▶ [SOURCE RECORDS]:
-- Opening Marker --

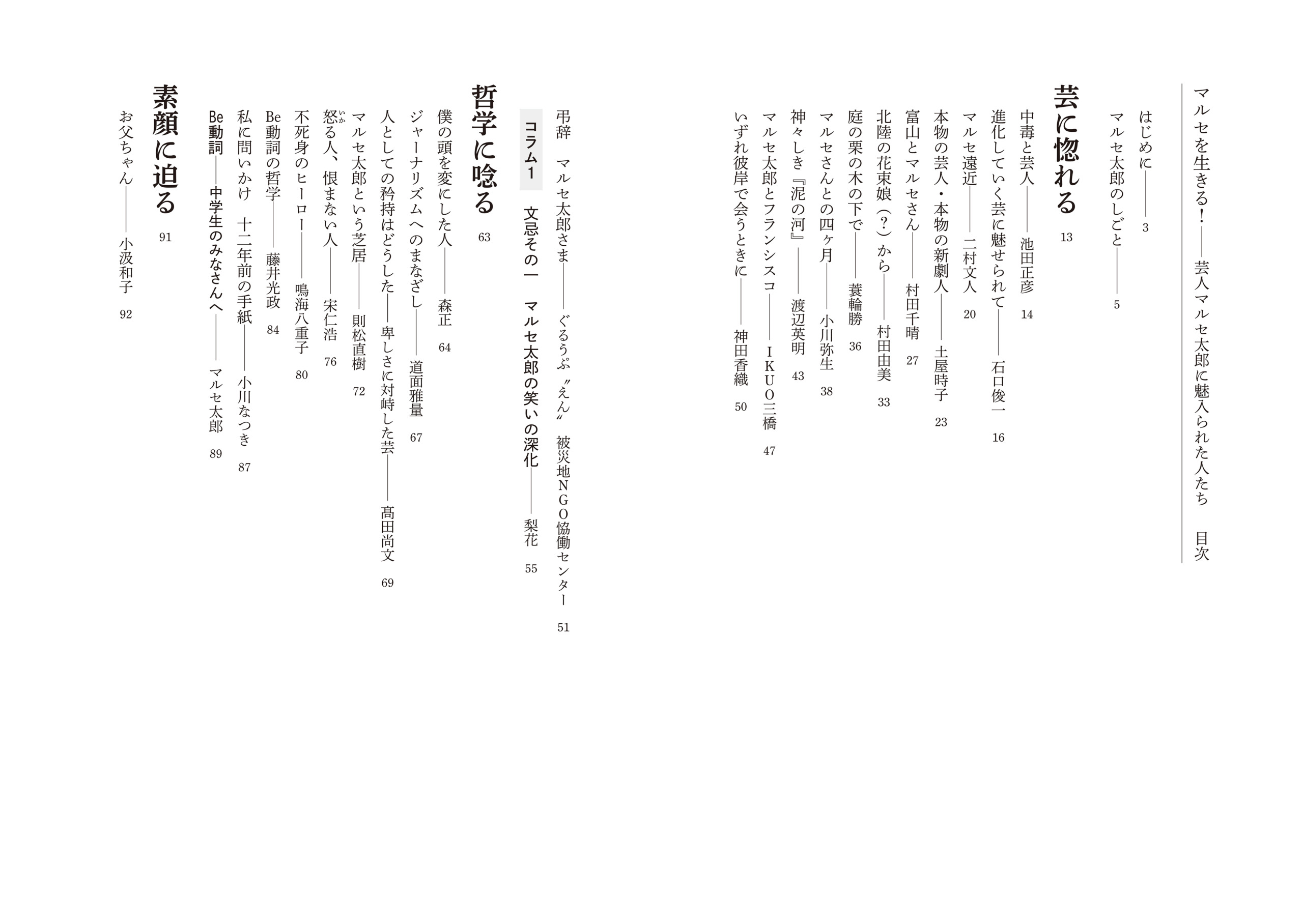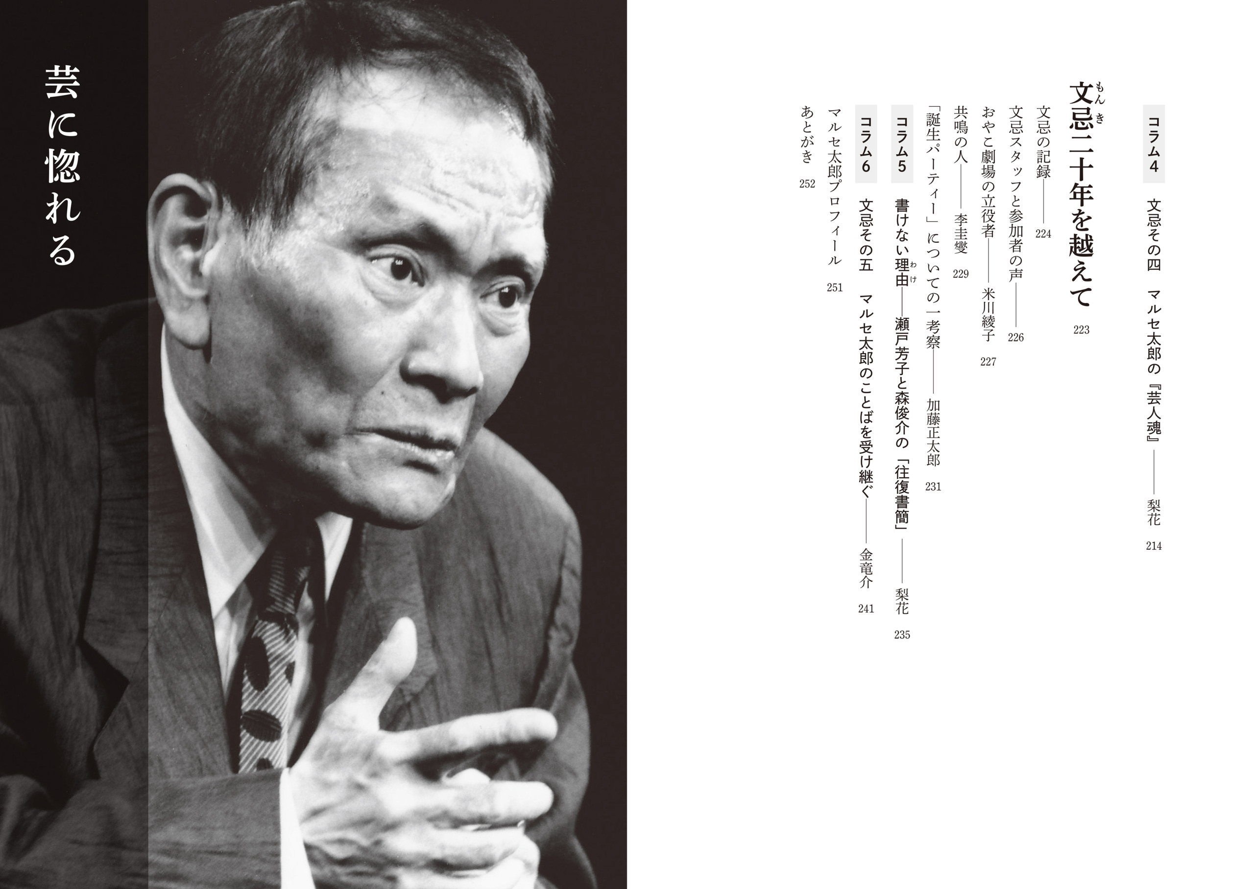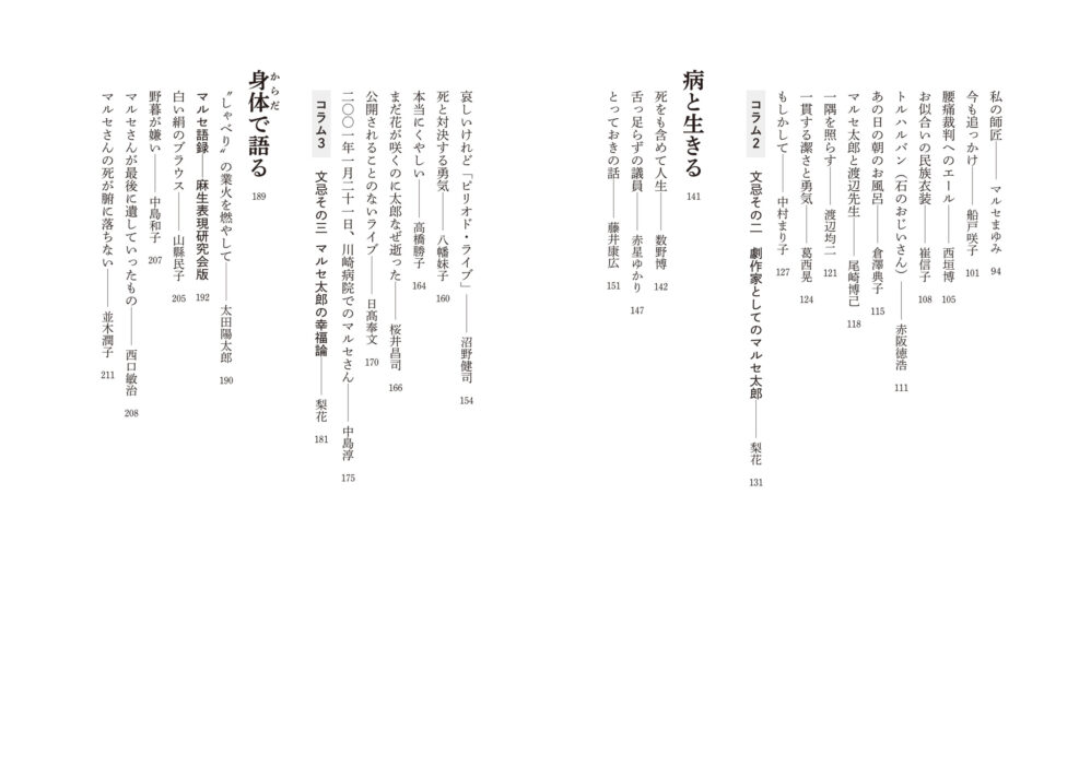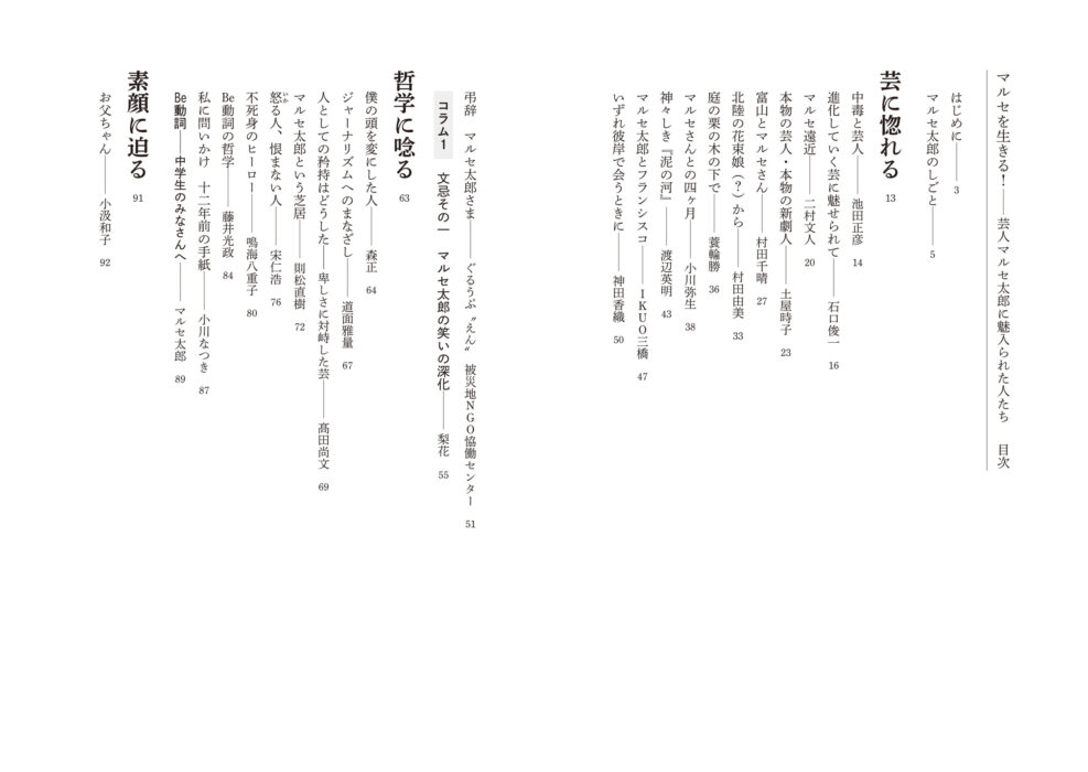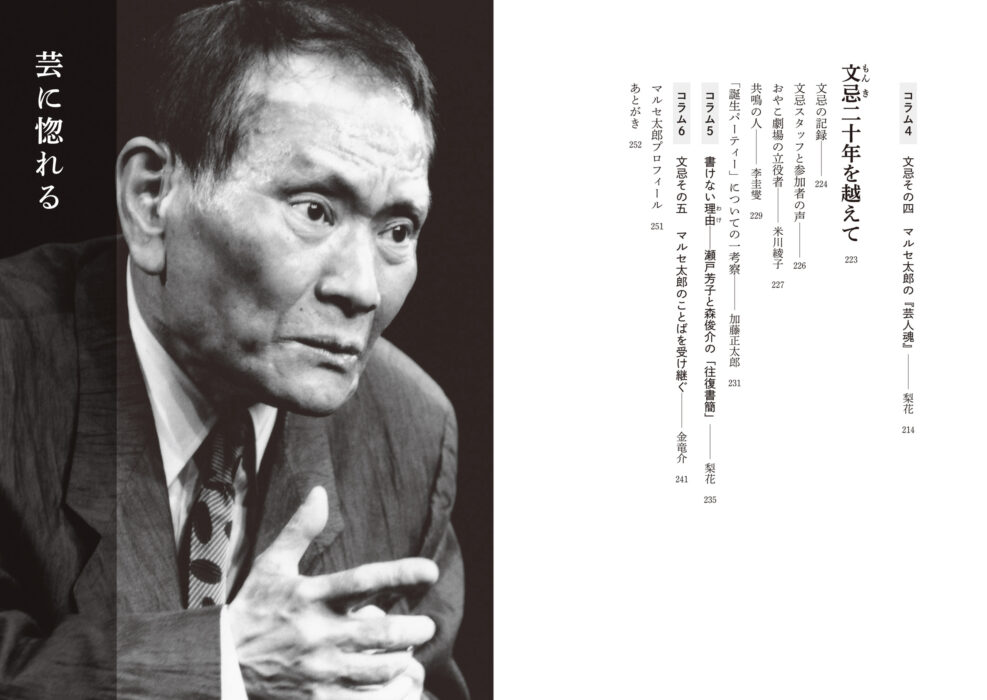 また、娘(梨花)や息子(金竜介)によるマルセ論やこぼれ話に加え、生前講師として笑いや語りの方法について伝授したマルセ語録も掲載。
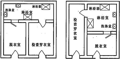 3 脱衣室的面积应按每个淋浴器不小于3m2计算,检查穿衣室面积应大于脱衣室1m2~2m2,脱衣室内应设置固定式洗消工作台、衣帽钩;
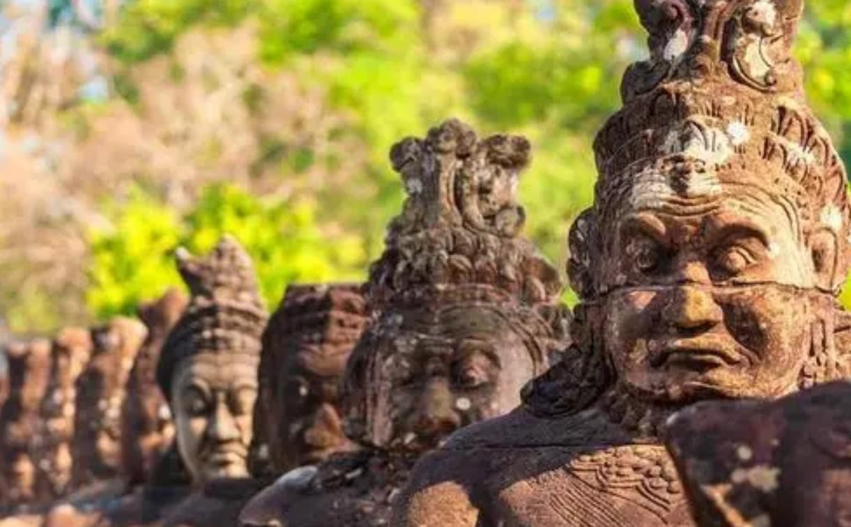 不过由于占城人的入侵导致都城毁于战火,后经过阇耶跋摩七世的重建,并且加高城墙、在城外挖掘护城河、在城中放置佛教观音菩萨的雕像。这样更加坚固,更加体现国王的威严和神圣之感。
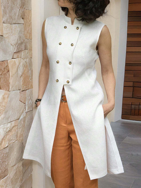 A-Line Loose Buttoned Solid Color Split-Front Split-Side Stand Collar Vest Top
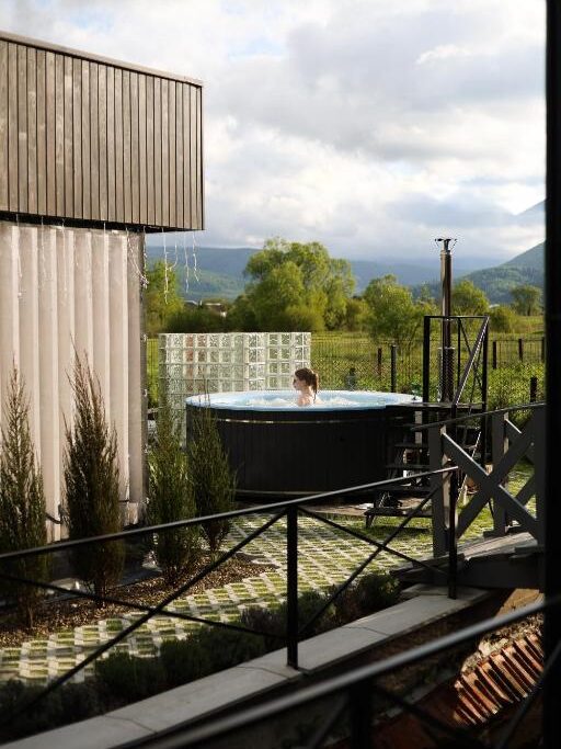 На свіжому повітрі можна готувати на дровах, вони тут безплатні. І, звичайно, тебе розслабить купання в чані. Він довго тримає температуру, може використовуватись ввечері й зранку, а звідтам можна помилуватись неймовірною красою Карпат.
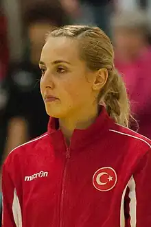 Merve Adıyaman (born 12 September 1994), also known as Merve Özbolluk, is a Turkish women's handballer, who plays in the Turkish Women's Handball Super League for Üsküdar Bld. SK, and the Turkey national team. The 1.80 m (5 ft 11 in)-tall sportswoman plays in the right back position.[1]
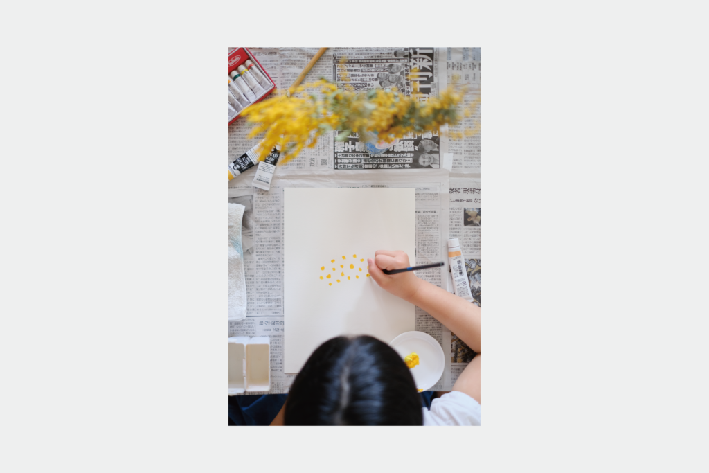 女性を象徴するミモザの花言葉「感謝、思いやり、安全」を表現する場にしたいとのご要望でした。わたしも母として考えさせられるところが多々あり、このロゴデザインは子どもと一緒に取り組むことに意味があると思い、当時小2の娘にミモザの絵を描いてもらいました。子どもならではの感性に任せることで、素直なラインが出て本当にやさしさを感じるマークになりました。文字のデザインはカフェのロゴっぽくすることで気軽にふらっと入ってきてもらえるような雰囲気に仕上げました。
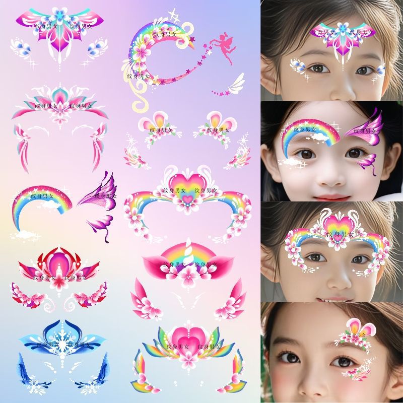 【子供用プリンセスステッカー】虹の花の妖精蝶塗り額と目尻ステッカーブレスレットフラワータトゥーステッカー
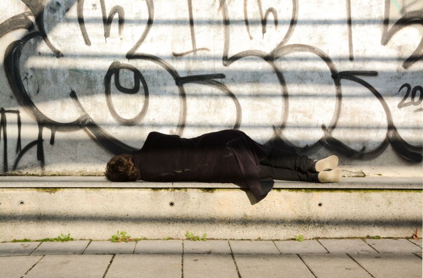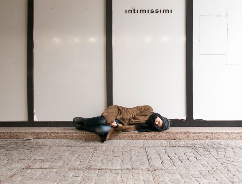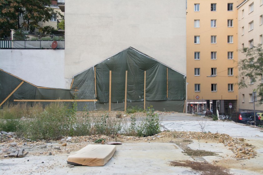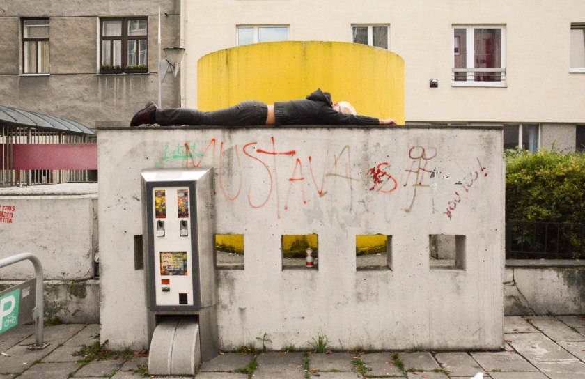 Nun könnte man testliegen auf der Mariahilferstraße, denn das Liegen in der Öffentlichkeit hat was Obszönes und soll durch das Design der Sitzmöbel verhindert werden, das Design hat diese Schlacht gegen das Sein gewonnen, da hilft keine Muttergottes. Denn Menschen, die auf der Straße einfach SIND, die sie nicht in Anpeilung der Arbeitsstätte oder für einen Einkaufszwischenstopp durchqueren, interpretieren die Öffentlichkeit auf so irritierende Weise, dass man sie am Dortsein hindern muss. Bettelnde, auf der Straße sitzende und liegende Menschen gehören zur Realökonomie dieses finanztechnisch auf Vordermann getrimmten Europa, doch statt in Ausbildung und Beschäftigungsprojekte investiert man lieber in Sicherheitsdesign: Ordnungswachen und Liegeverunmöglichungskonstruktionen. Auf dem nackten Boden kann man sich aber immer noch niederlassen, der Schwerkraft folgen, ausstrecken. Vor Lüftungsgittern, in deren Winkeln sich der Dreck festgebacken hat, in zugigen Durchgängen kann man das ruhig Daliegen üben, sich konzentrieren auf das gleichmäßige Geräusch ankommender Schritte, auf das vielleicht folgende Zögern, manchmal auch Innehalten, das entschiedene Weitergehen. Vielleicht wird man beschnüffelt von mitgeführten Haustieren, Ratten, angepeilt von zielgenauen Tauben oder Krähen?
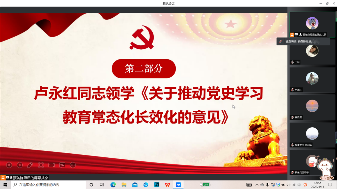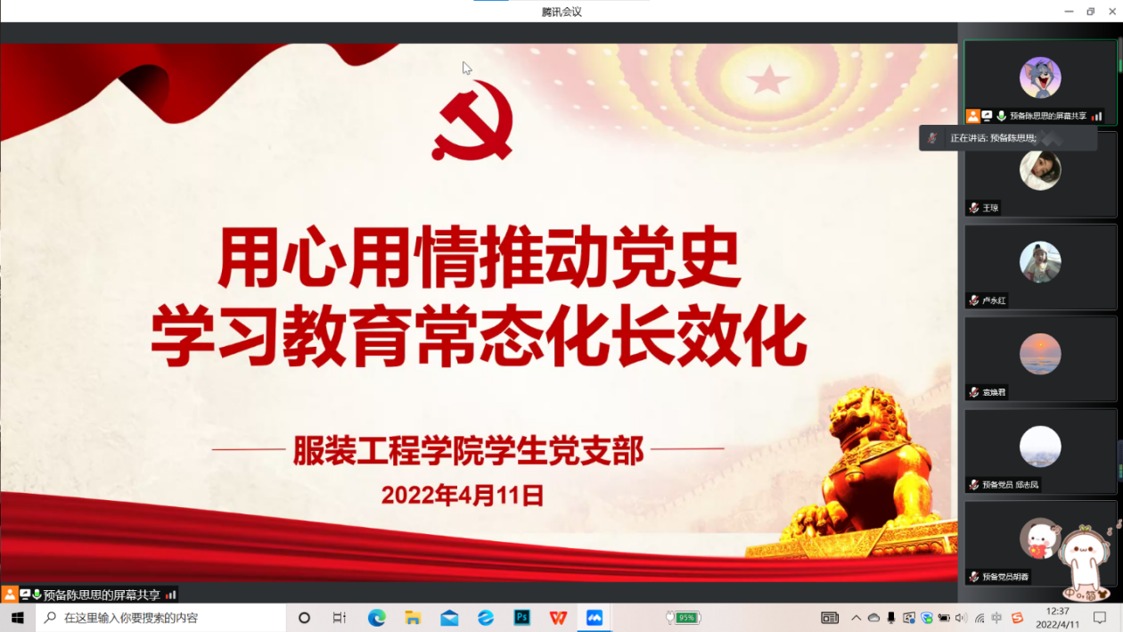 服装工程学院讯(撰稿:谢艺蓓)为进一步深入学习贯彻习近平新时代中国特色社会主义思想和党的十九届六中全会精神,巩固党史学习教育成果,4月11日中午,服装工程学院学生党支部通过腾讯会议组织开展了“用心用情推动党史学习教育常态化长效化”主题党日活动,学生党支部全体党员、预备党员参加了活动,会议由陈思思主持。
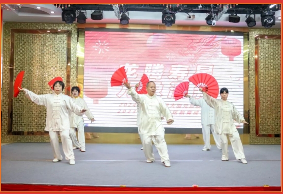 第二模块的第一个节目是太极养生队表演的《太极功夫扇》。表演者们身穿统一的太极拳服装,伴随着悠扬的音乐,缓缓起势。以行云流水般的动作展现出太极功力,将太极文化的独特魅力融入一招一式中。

-- Closing Marker --

▶ [WORK ITEM]:
Working from the line that contains "女性を象徴するミモザの花言葉" to the last line of the listing, please quote each line exactly, pictures excluded.

▶ [TASK OUTPUT]:
 女性を象徴するミモザの花言葉「感謝、思いやり、安全」を表現する場にしたいとのご要望でした。わたしも母として考えさせられるところが多々あり、このロゴデザインは子どもと一緒に取り組むことに意味があると思い、当時小2の娘にミモザの絵を描いてもらいました。子どもならではの感性に任せることで、素直なラインが出て本当にやさしさを感じるマークになりました。文字のデザインはカフェのロゴっぽくすることで気軽にふらっと入ってきてもらえるような雰囲気に仕上げました。
 【子供用プリンセスステッカー】虹の花の妖精蝶塗り額と目尻ステッカーブレスレットフラワータトゥーステッカー
 Nun könnte man testliegen auf der Mariahilferstraße, denn das Liegen in der Öffentlichkeit hat was Obszönes und soll durch das Design der Sitzmöbel verhindert werden, das Design hat diese Schlacht gegen das Sein gewonnen, da hilft keine Muttergottes. Denn Menschen, die auf der Straße einfach SIND, die sie nicht in Anpeilung der Arbeitsstätte oder für einen Einkaufszwischenstopp durchqueren, interpretieren die Öffentlichkeit auf so irritierende Weise, dass man sie am Dortsein hindern muss. Bettelnde, auf der Straße sitzende und liegende Menschen gehören zur Realökonomie dieses finanztechnisch auf Vordermann getrimmten Europa, doch statt in Ausbildung und Beschäftigungsprojekte investiert man lieber in Sicherheitsdesign: Ordnungswachen und Liegeverunmöglichungskonstruktionen. Auf dem nackten Boden kann man sich aber immer noch niederlassen, der Schwerkraft folgen, ausstrecken. Vor Lüftungsgittern, in deren Winkeln sich der Dreck festgebacken hat, in zugigen Durchgängen kann man das ruhig Daliegen üben, sich konzentrieren auf das gleichmäßige Geräusch ankommender Schritte, auf das vielleicht folgende Zögern, manchmal auch Innehalten, das entschiedene Weitergehen. Vielleicht wird man beschnüffelt von mitgeführten Haustieren, Ratten, angepeilt von zielgenauen Tauben oder Krähen?
 服装工程学院讯(撰稿:谢艺蓓)为进一步深入学习贯彻习近平新时代中国特色社会主义思想和党的十九届六中全会精神,巩固党史学习教育成果,4月11日中午,服装工程学院学生党支部通过腾讯会议组织开展了“用心用情推动党史学习教育常态化长效化”主题党日活动,学生党支部全体党员、预备党员参加了活动,会议由陈思思主持。
 第二模块的第一个节目是太极养生队表演的《太极功夫扇》。表演者们身穿统一的太极拳服装,伴随着悠扬的音乐,缓缓起势。以行云流水般的动作展现出太极功力,将太极文化的独特魅力融入一招一式中。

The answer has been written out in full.